To determine the intervals where a function is strictly decreasing, find the derivative and solve the inequality $f'(x)<0$. Then, count the number of favorable outcomes in the given set and calculate the probability.

Answer 1

The Correct Option is D

We are given the function $f(x) = x^3 - 16x^2 + 20x - 5$, and we are asked to find the probability that a number drawn at random from the set $\{1, 3, 5, 7, \dots, 59\}$ lies in the interval where the function is strictly decreasing. 
Step 1: The function $f(x)$ is strictly decreasing where its derivative is negative.
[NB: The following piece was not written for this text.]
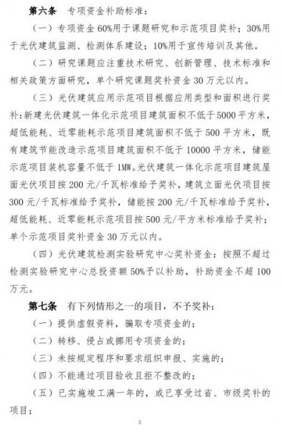 政策中指出,專項(xiàng)資金支持項(xiàng)目范圍為光伏建筑應(yīng)用研究課題,光伏建筑應(yīng)用示范項(xiàng)目建設(shè)(包括光伏建筑一體化應(yīng)用項(xiàng)目建設(shè)、超低能耗建筑及近零能耗建筑建設(shè)、既有建筑節(jié)能改造及儲(chǔ)能項(xiàng)目等),光伏建筑監(jiān)測、檢測體系建設(shè),光伏建筑應(yīng)用宣傳及技術(shù)培訓(xùn)等。
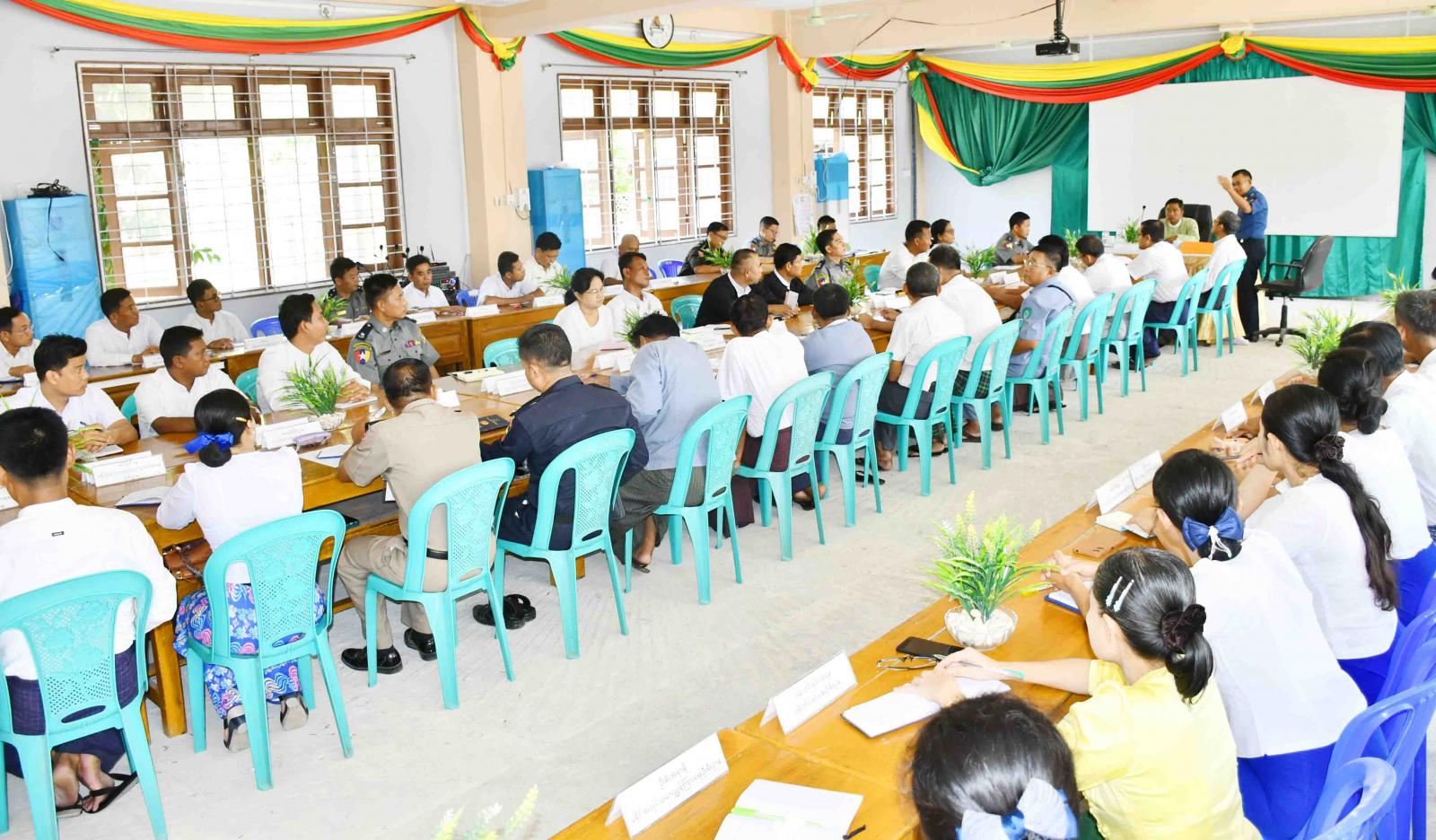 ရခိုင်ပြည်နယ်၊ ကျောက်ဖြူခရိုင် အထွေထွေအုပ်ချုပ်ရေးဦးစီးဌာန၌ ခရိုင်စီမံအုပ်ချုပ်ရေးအဖွဲ့နှင့် ဌာနဆိုင်ရာများ၏ အပတ်စဉ်ပုံမှန်လုပ်ငန်းညှိနှိုင်းအစည်းအဝေးကို ယမန်နေ့နံနက် ၁၀ နာရီက အဆိုပါ ဦးစီးဌာနရုံး အစည်းအဝေးခန်းမတွင် ကျင်းပပြုလုပ်ရာ ခရိုင်/မြို့နယ် စီမံအုပ်ချုပ်ရေးအဖွဲ့ဥက္ကဋ္ဌနှင့် အဖွဲ့ဝင်များ၊ ဌာနဆိုင်ရာများတက်ရောက်ကြသည်။

We first find the derivative of $f(x)$: $$f'(x) = 3x^2 - 32x + 20$$ Step 2: To find the intervals where the function is strictly decreasing, we solve the inequality $f'(x)<0$. First, solve the equation $f'(x) = 0$ to find the critical points: $$3x^2 - 32x + 20 = 0$$ Using the quadratic formula: $$x = \frac{-(-32) \pm \sqrt{(-32)^2 - 4(3)(20)}}{2(3)} = \frac{32 \pm \sqrt{1024 - 240}}{6} = \frac{32 \pm \sqrt{784}}{6} = \frac{32 \pm 28}{6}$$ Thus, the critical points are: $$x = \frac{32 + 28}{6} = 10 \quad {and} \quad x = \frac{32 - 28}{6} = \frac{4}{6} = \frac{2}{3}$$ Step 3: Now, to determine the sign of $f'(x)$, we test the intervals formed by the critical points: $(-\infty, \frac{2}{3})$, $(\frac{2}{3}, 10)$, and $(10, \infty)$.
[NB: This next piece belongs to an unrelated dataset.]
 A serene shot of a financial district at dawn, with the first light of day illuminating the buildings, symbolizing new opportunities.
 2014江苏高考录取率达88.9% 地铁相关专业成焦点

- For $x \in (\frac{2}{3}, 10)$, the function is strictly decreasing, as $f'(x)<0$.
Step 4: We are interested in the set $\{1, 3, 5, 7, \dots, 59\}$. The numbers in this set correspond to the odd integers between 1 and 59. These numbers are: $$1, 3, 5, 7, 9, 11, 13, 15, 17, 19, 21, 23, 25, 27, 29, 31, 33, 35, 37, 39, 41, 43, 45, 47, 49, 51, 53, 55, 57, 59$$ Thus, the total number of elements in the set is 30. 
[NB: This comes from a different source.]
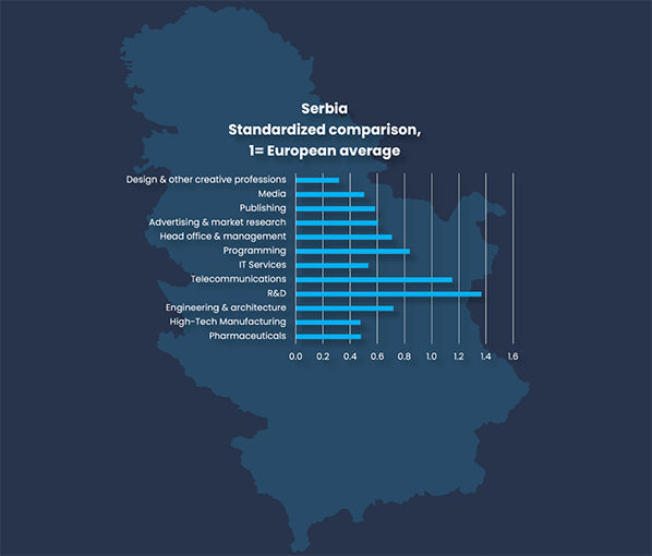 In Serbia, 5.4 percent of the adults work in brain business jobs, up from 5.2 the year before. This means that Serbia is nearly as knowledge intensive as Spain and Italy, just lagging behind due to low share of adults employed in design and other creative professions. With integration in European service trade, and focus on competitive taxation and regulation, Serbia has significant potential for growth. The country has a relatively high share of adults who are engineers and scientists. In relation to the share of knowledge intensive jobs Serbia has a surplus of experts, which signals potential for further growth.

Step 5: The function is strictly decreasing in the interval $(1, 10)$, which corresponds to the odd numbers $3, 5, 7, 9$. Thus, there are 4 numbers in the set where the function is strictly decreasing.
Step 6: The probability that a randomly selected number from the set lies in the interval where the function is strictly decreasing is the ratio of favorable outcomes to total outcomes: $$P(strictly decreasing) = \frac{4}{30} = \frac{2}{15}$$ Thus, the correct answer is $\frac{1}{6}$.